SOURCE RECORDS
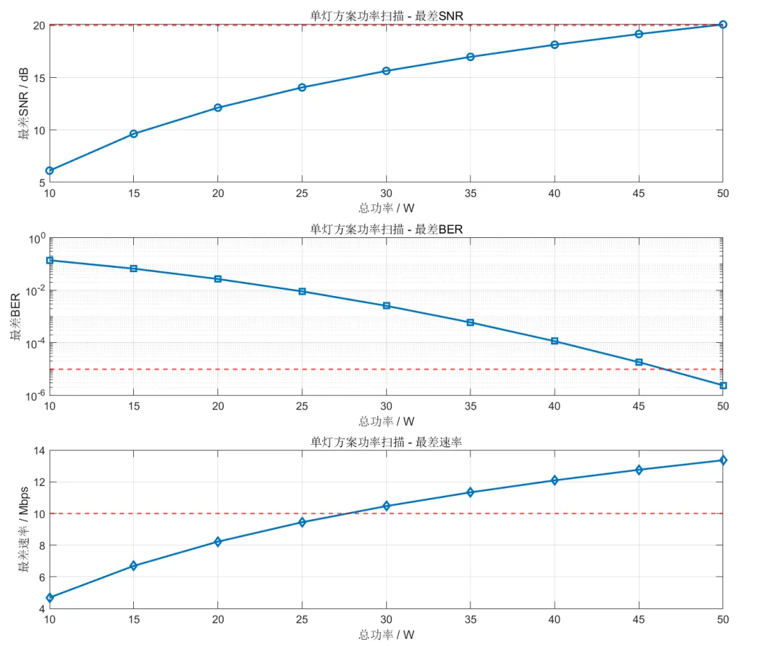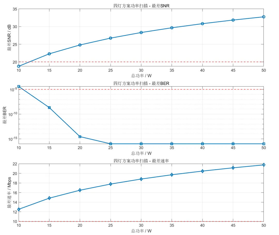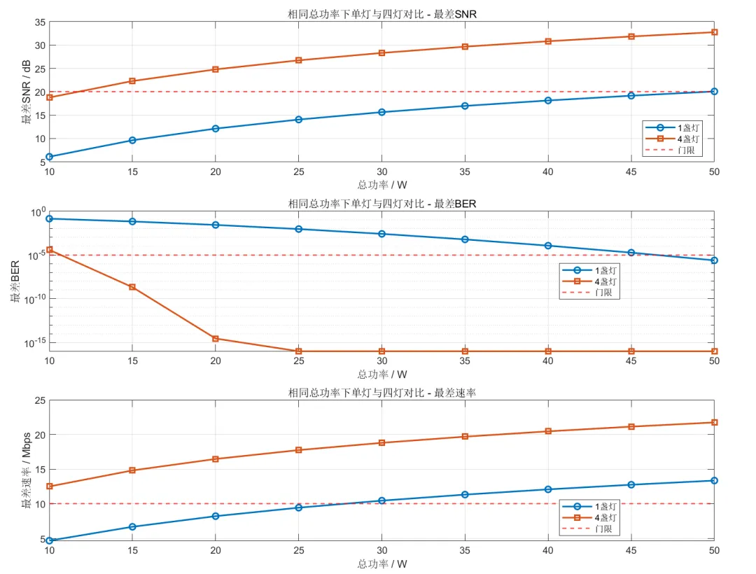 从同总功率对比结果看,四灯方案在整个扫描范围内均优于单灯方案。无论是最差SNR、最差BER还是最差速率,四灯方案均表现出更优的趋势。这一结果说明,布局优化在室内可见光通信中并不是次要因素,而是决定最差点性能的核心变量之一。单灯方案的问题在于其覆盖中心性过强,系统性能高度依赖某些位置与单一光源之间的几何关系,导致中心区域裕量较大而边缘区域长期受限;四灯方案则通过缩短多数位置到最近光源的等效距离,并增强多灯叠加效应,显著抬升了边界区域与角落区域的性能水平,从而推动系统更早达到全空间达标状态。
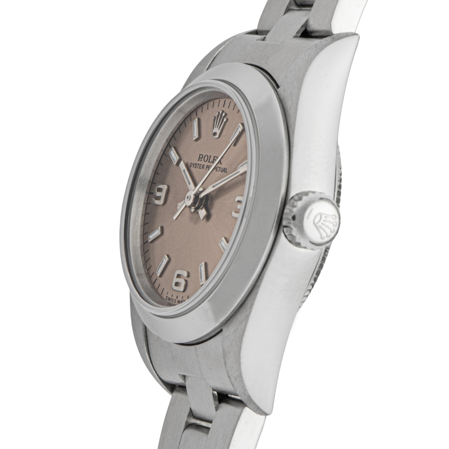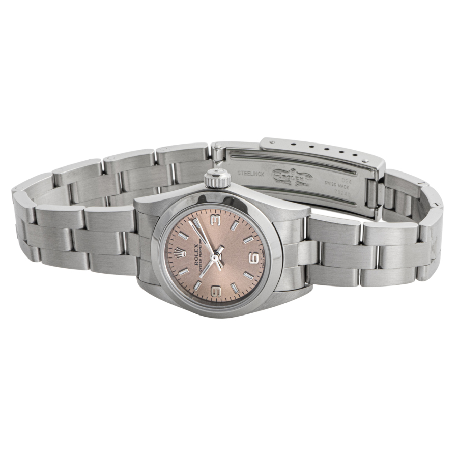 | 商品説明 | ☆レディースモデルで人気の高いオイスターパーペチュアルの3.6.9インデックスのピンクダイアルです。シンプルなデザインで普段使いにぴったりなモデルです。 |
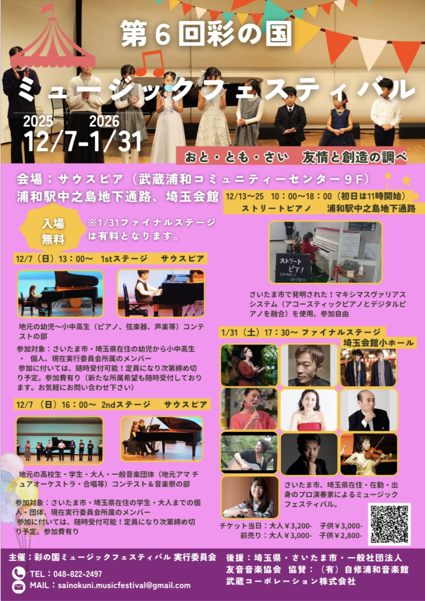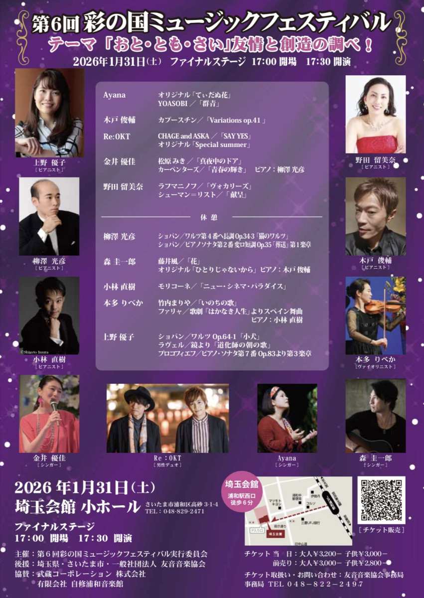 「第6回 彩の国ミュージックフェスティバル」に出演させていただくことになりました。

---

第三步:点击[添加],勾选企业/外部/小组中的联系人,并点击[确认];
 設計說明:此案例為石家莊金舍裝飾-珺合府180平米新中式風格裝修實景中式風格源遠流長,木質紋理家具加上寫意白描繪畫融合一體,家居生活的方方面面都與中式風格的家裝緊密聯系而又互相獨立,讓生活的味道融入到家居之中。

ASSIGNED TASK
Please transcribe exactly the lines above from the line that has "第三步:点击[添加],勾选企业/外部/小组中的联系人,并点击[确认];" up to and including the line that has "設計說明:此案例為石家莊金舍"; no other line belongs in the answer.

RESPONSE
第三步:点击[添加],勾选企业/外部/小组中的联系人,并点击[确认];
 設計說明:此案例為石家莊金舍裝飾-珺合府180平米新中式風格裝修實景中式風格源遠流長,木質紋理家具加上寫意白描繪畫融合一體,家居生活的方方面面都與中式風格的家裝緊密聯系而又互相獨立,讓生活的味道融入到家居之中。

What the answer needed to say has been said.